I'm not saying hydro's universally a bad idea, but even in areas where it does work it has substantial risks that you're ignoring.
Anyway, if you'd care to look at the risks objectively, here's a great chart of deaths per TW/h:
161 Coal - world average (26% of world energy, 50% of electricity)
278 Coal - China
15 Coal - USA
36 Oil (36% of world energy)
4 Natural Gas (21% of world energy)
12 Biofuel/Biomass
12 Peat
0.44 Solar (rooftop) (less than 0.1% of world energy)
0.15 Wind (less than 1% of world energy)
0.10 Hydro (europe death rate, 2.2% of world energy)
1.4 Hydro - world including Banqiao) (about 2500 TWh/yr and 171,000 Banqiao dead)
0.04 Nuclear (5.9% of world energy)
(from http://nextbigfuture.com/2008/03/deaths-per-twh-for-all-energy-sources.html)
I'm all for wind, solar and hydro, but they're limited in quantity and geography, so we have to find something else to fill the gap. All the other options but one involve burning stuff at considerable cost to human life and the environment. For all its faults, nuclear just isn't that bad compared to all the other alternatives.
"I've never seen a pro-nuclear activist claim any of these things."
Aside from the obvious Slashdot postings... the article here:
http://mitnse.com/2011/03/13/modified-version-of-original-post/
Originally stated, in unequivocal terms, that "there will *not* be any significant release of radiation" (that's pretty close to an exact quote). It was widely circulated, widely quoted, and even posted on Slashdot (a few days late, of course). It has since been edited to remove such predictions, but you can find originals on the web.
Your statement that you've never seen such cavalier dismissals does more to damage your credibility in my eyes than any anything. You're apparently not paying any attention. If that's the case, why should I believe what you have to say about nuclear power?
dragonhawk@iname.microsoft.com
I do not like Microsoft. Remove them from my email address.
"It's not a building, it's a falsework designed to hide the building. Big difference."
Citation needed.
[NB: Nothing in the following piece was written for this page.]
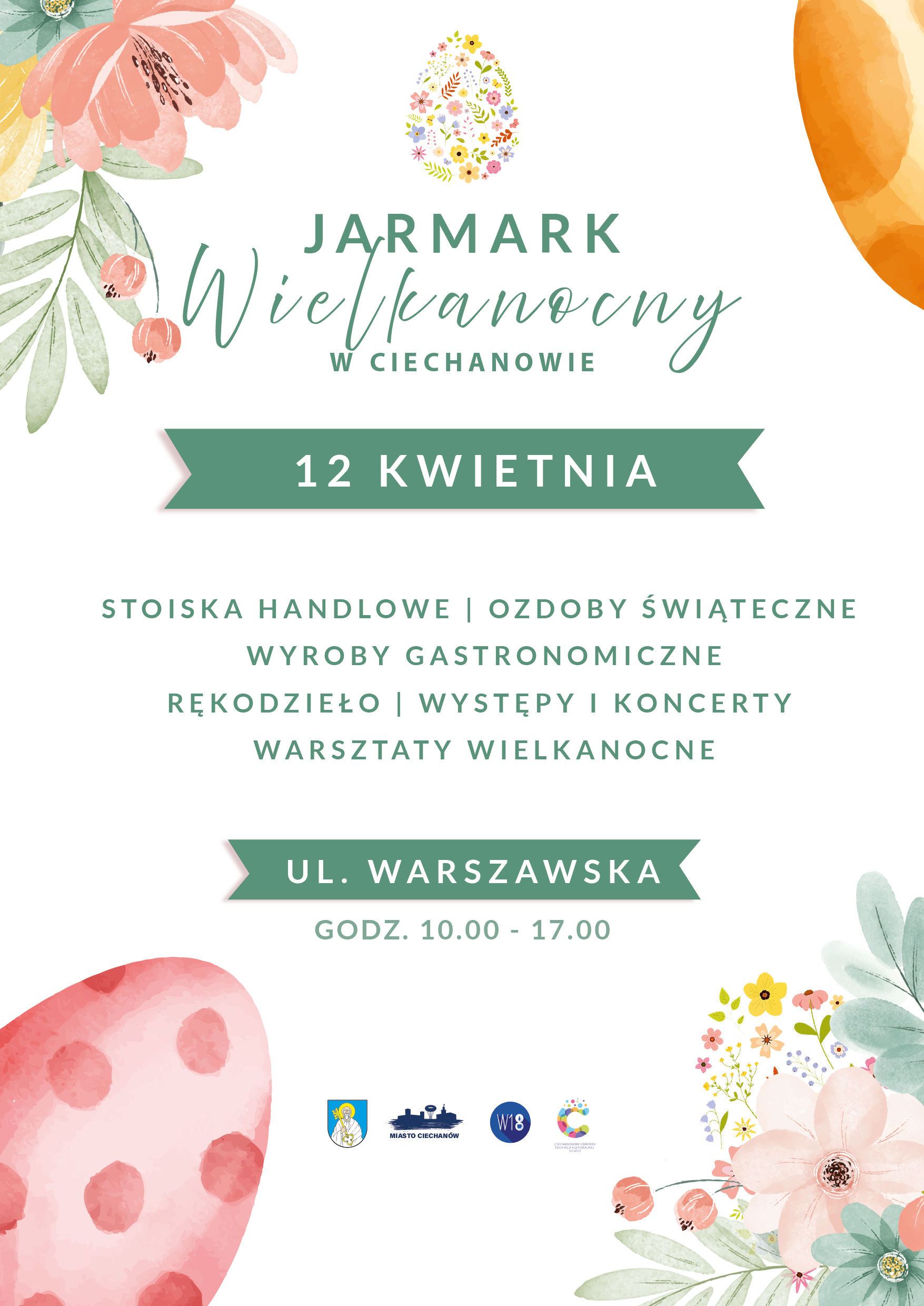 12 kwietnia na ul. Warszawskiej będzie można kupić rękodzieło, wielkanocne przysmaki i drobne upominki. Stoiska z wielkanocnym asortymentem będą czynne od godz. 10.00 do 17.00. Na scenie wystąpią lokalni artyści i zespoły. W Kamienicy W18 zorganizowane zostaną warsztaty rękodzieła.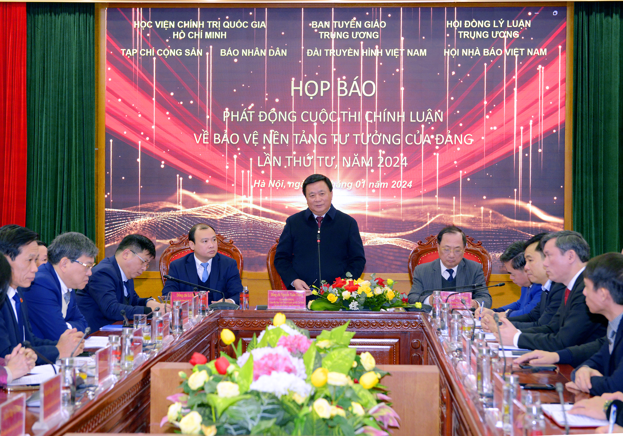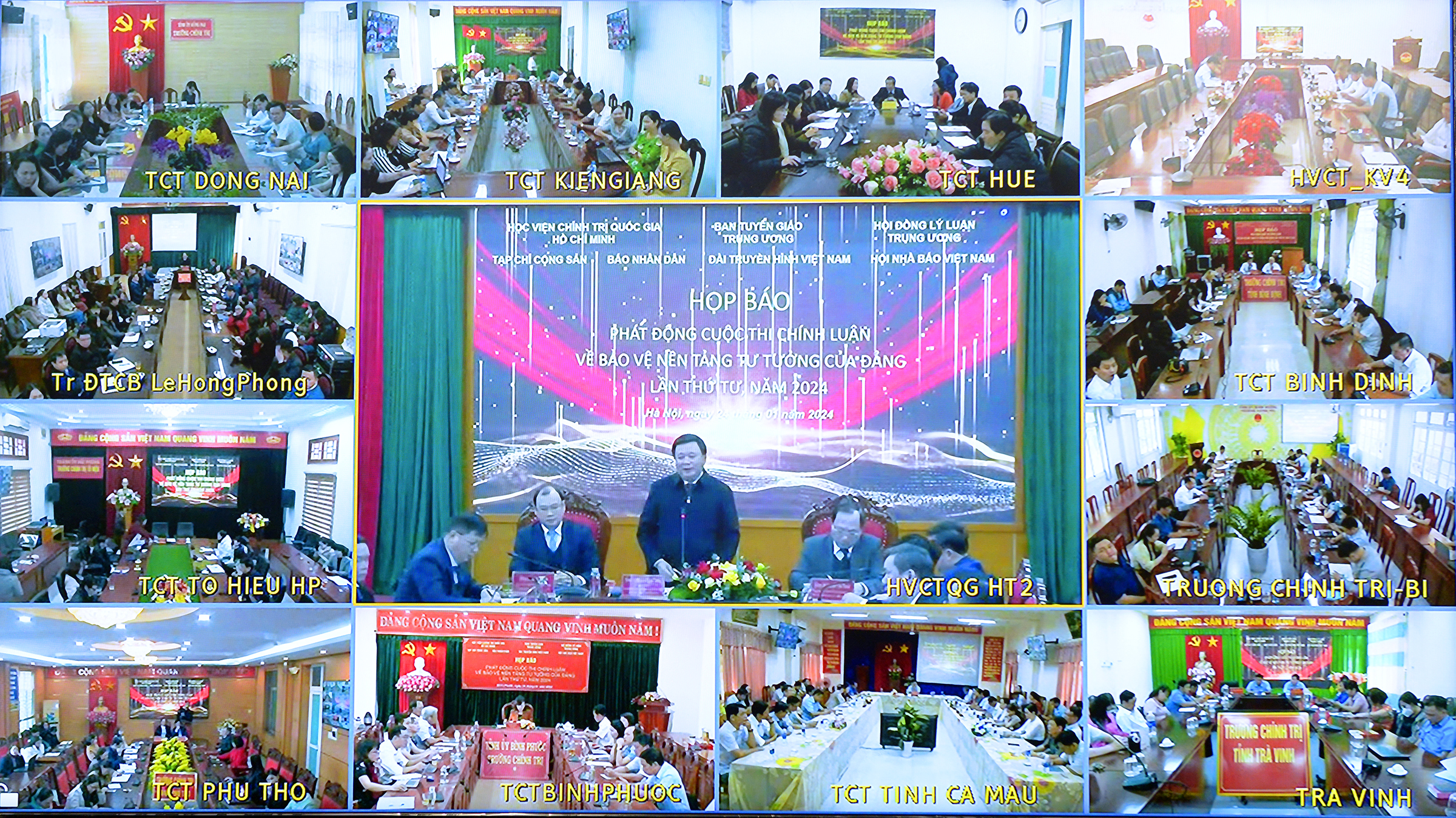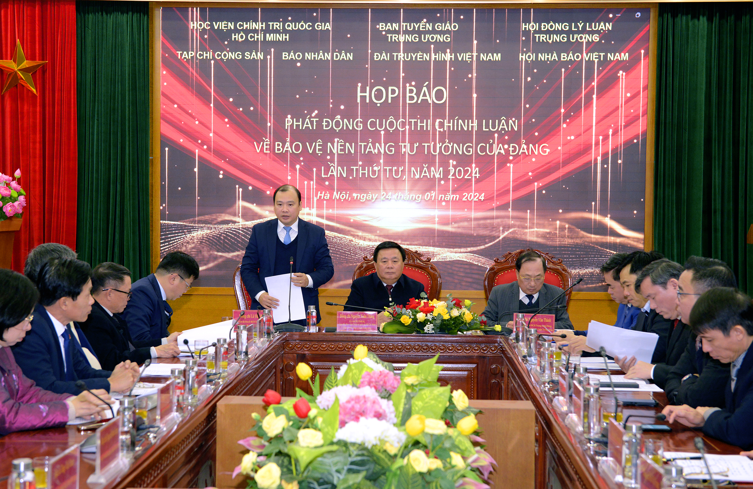 TCCS - Ngày 24-1-2024, tại Hà Nội, Học viện Chính trị quốc gia Hồ Chí Minh phối hợp với Ban Tuyên giáo Trung ương, Hội đồng Lý luận Trung ương, Tạp chí Cộng sản, Báo Nhân dân, Đài Truyền hình Việt Nam và Hội Nhà báo Việt Nam tổ chức họp báo phát động Cuộc thi chính luận về bảo vệ nền tảng tư tưởng của Đảng, đấu tranh phản bác các quan điểm sai trái, thù địch lần thứ tư, năm 2024. Cuộc họp báo được kết nối trực tuyến tới 63 điểm cầu trong cả nước.

Everything I've seen suggests the structures damaged in the explosions were the top parts of the building housing the reactors. These are not the secondary containment (the thick concrete "drywell" surrounding the reactor pressure vessel) but they very much are buildings. In particular, they cover the storage pools holding the spent fuel.
http://www.gereports.com/how-it-works-white-paper-on-mark-i-containment/
dragonhawk@iname.microsoft.com
I do not like Microsoft. Remove them from my email address.